I also said that an English trained rider could easily sit into a Western
saddle but after an hour or so, that novice to Western would not be riding Western, they'd be riding English style on a Western saddle. They too would need showing the techniques of Western - by a good instructor.

But I would now add, that most of the English riders I know over here have absolutely no capability to use a rope or lariat - let alone use it from the saddle to round up steers. Neither would they readily offer to barrel race on a Western horse. Nor would they even think of sitting on horseback a whole working day herding a herd of cattle - there are easier ways to earn a living. 
But whereas in the US there are still a lot of folks working for a living and using a horse as part of that work, there is little of that over here - except those folks working as instructors or perhaps as professional sportsmen/women.
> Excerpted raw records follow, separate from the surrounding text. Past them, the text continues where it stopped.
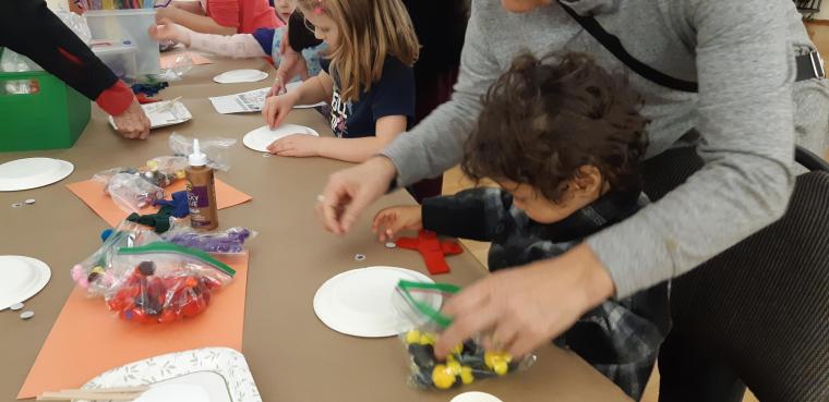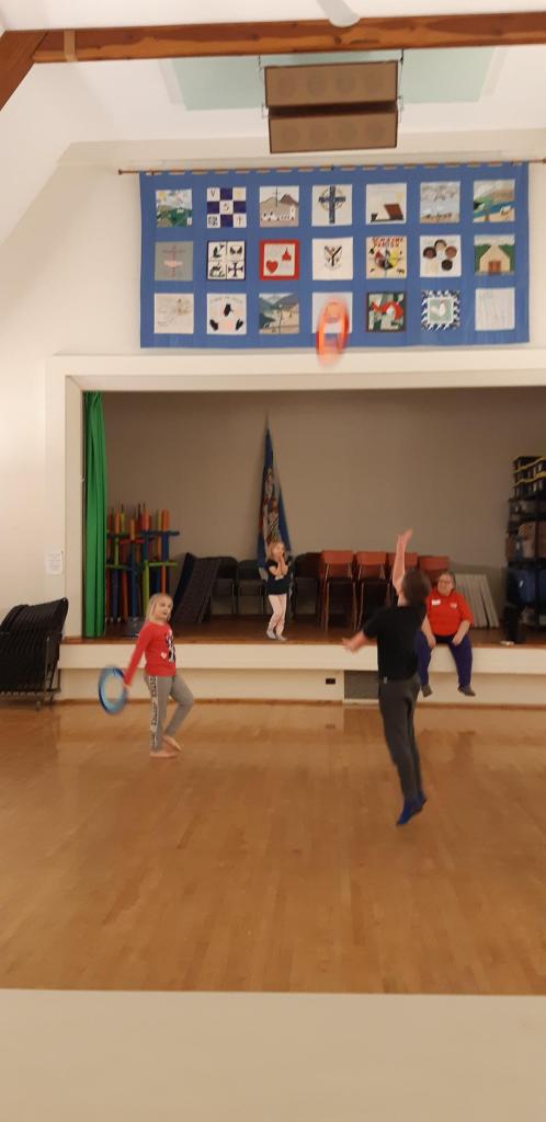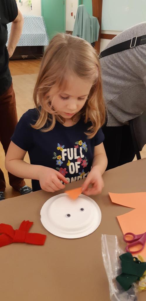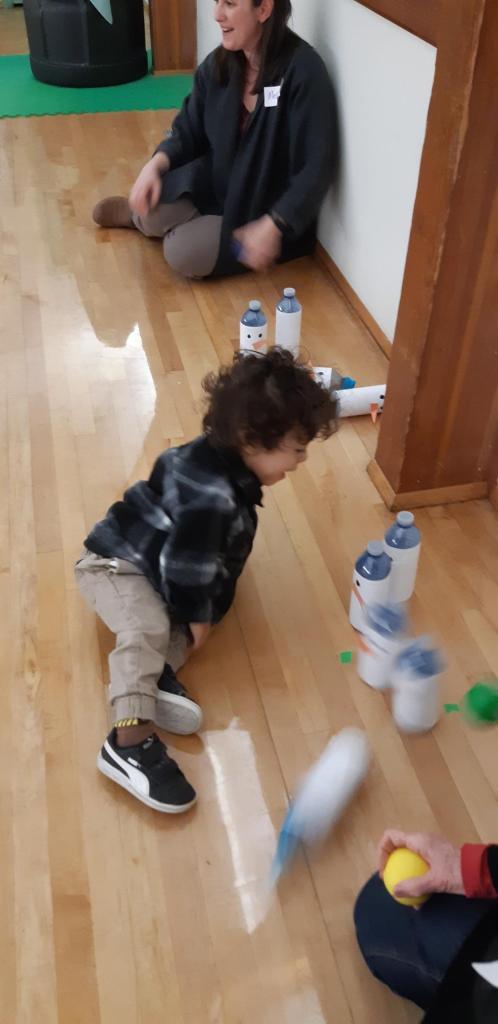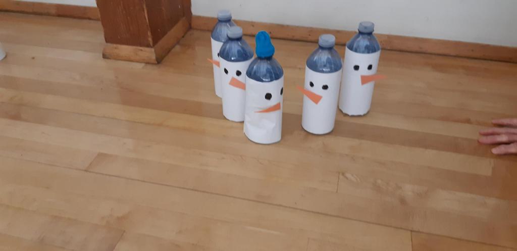 A small group of about 24 people ( 6 families plus volunteers) gathered on January 17th for dinner and activities. The children played an active game involving tossing frisbee-like rings in the air, followed by snowman bowling. Both were big hits.
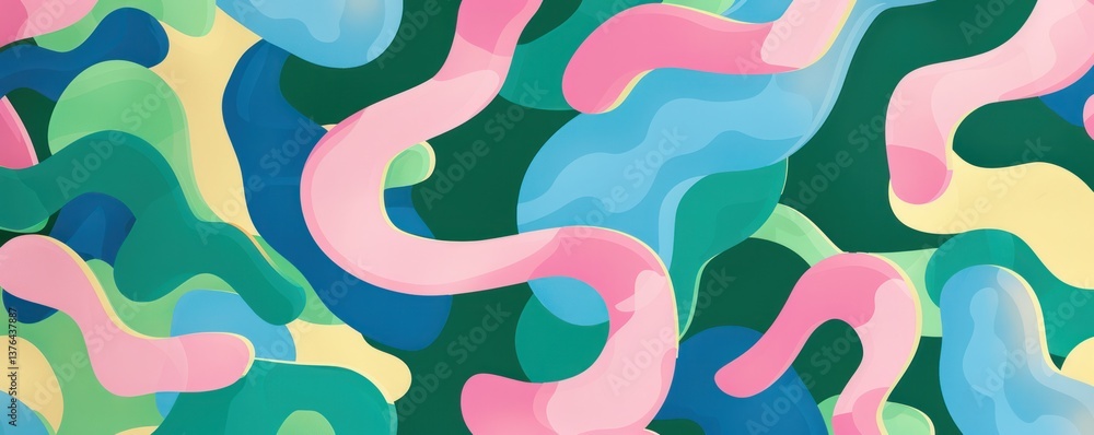 Doodle Seamless Pattern Green Blue Pink Color Scheme Wallpaper Mural - Decorly Solutions | Decorly Solutions
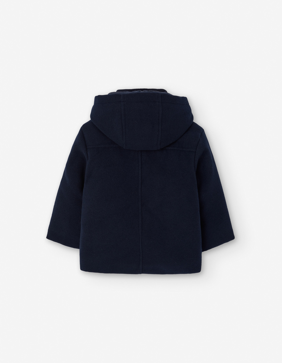 Παλτό LOSAN σε μπλε σκούρο χρώμα με ενσωματωμένη κουκούλα και ψηλό λαιμό.

West Europeans gave up herding beef, goats and sheep with horses decades ago. The 4WD motor bike nowadays reins king on the farms. If we want to herd beef then we fly to the US, or Argentina.

Noone should ever say that the "English" way of riding a horse is better than the Western method. The two systems were designed for different purposes and they retain to this day their differences in more ways than the cut of the saddle.

I,ve been luckiy enough to go to a Rodeo a few times and I have watched those riders in absolute amazement. I have also always kept it quiet that I ride horses - just in case someone had the idea that maybe I should get up on the back of a cutting horse. I'd be off with a few seconds.

Enjoy your riding and your horse - whichever way you choose to do it.

In another thread I shall describe a typical early horse riding lesson in the UK.

Barry G


----------



## RedRoan (Mar 2, 2009)

> But whereas in the US there are still a lot of folks working for a living and using a horse as part of that work, there is little of that over here -
> West Europeans gave up herding beef, goats and sheep with horses decades ago. The 4WD motor bike nowadays reins king on the farms. If we want to herd beef then we fly to the US, or Argentina.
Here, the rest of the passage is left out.